What is required:
The part to set down runs from the first line of the data below through the line with "Семена овощей кабачок", inclusive; write it exactly and leave out the pictures.

Given material:
++++

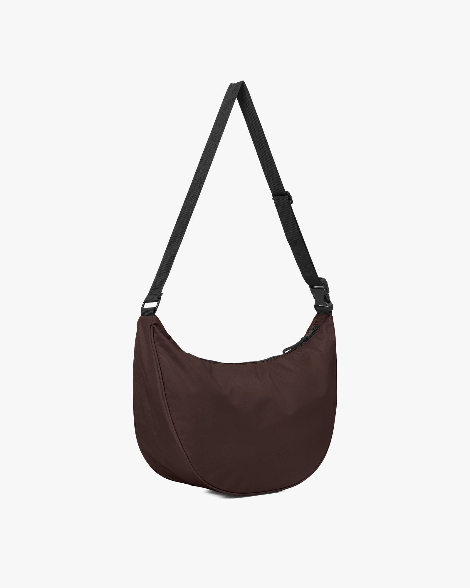 A spacious crossbody bag, perfect for everyday use or travel. Made from lightweight material and finished with an adjustable strap for a custom fit. It closes with a zip and includes an internal zip pocket for smaller items. Both the outer fabric and lining are made from 100% certified recycled materials.
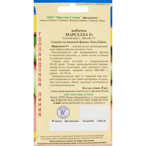 Семена овощей кабачок Марселла F1 — низкорослый раннеспелый гибрид, который хорошо растет как в открытом грунте, так и теплице. Сбор урожая начинают на 38-40 сутки от появления первых всходов. Отличается устойчивостью к болезням и неблагоприятным погодным условиям. Посадку проводят в марте-апреле.
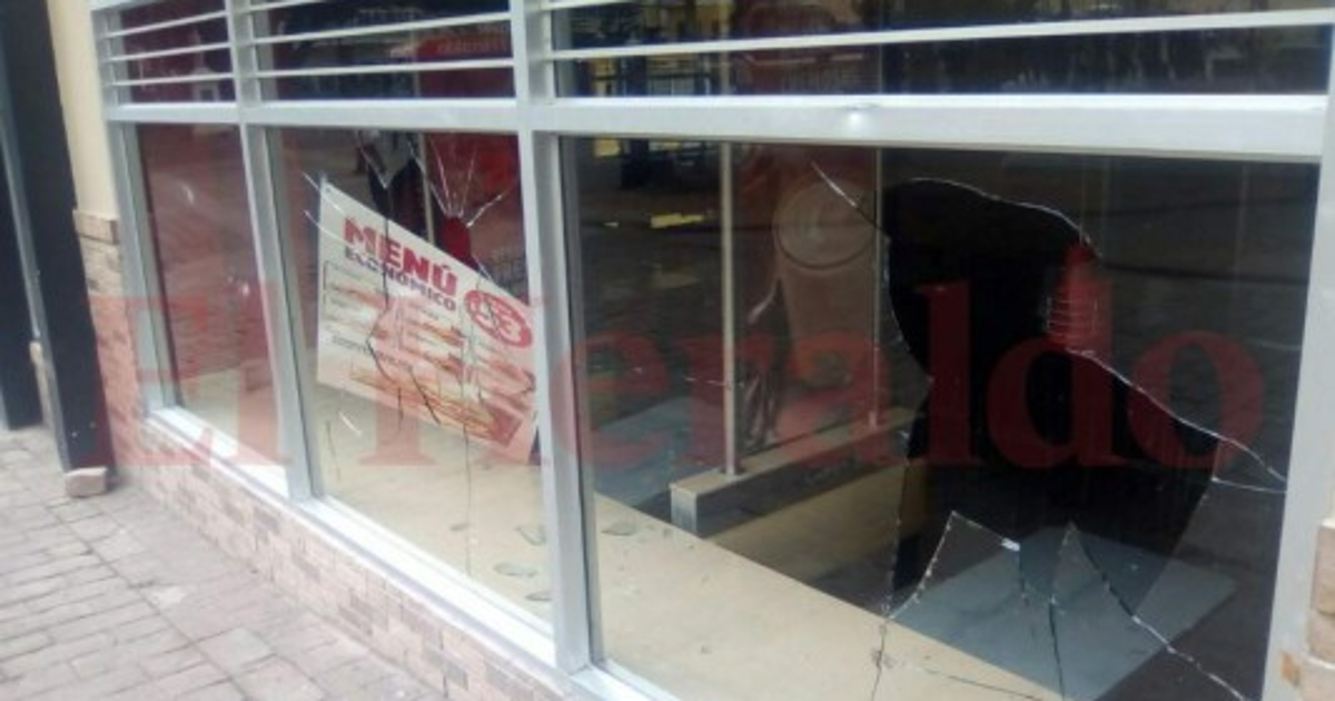 Los vidrios de este negocio de comida rápida fueron completamente dañados en el centro de Tegucigalpa, por parte de seguidores de la Alianza de Oposición. Foto: Alejandro Amador/EL HERALDO. 27/01/2018 - 00:003 / 7 -

++++

Response to the task:
 A spacious crossbody bag, perfect for everyday use or travel. Made from lightweight material and finished with an adjustable strap for a custom fit. It closes with a zip and includes an internal zip pocket for smaller items. Both the outer fabric and lining are made from 100% certified recycled materials.
 Семена овощей кабачок Марселла F1 — низкорослый раннеспелый гибрид, который хорошо растет как в открытом грунте, так и теплице. Сбор урожая начинают на 38-40 сутки от появления первых всходов. Отличается устойчивостью к болезням и неблагоприятным погодным условиям. Посадку проводят в марте-апреле.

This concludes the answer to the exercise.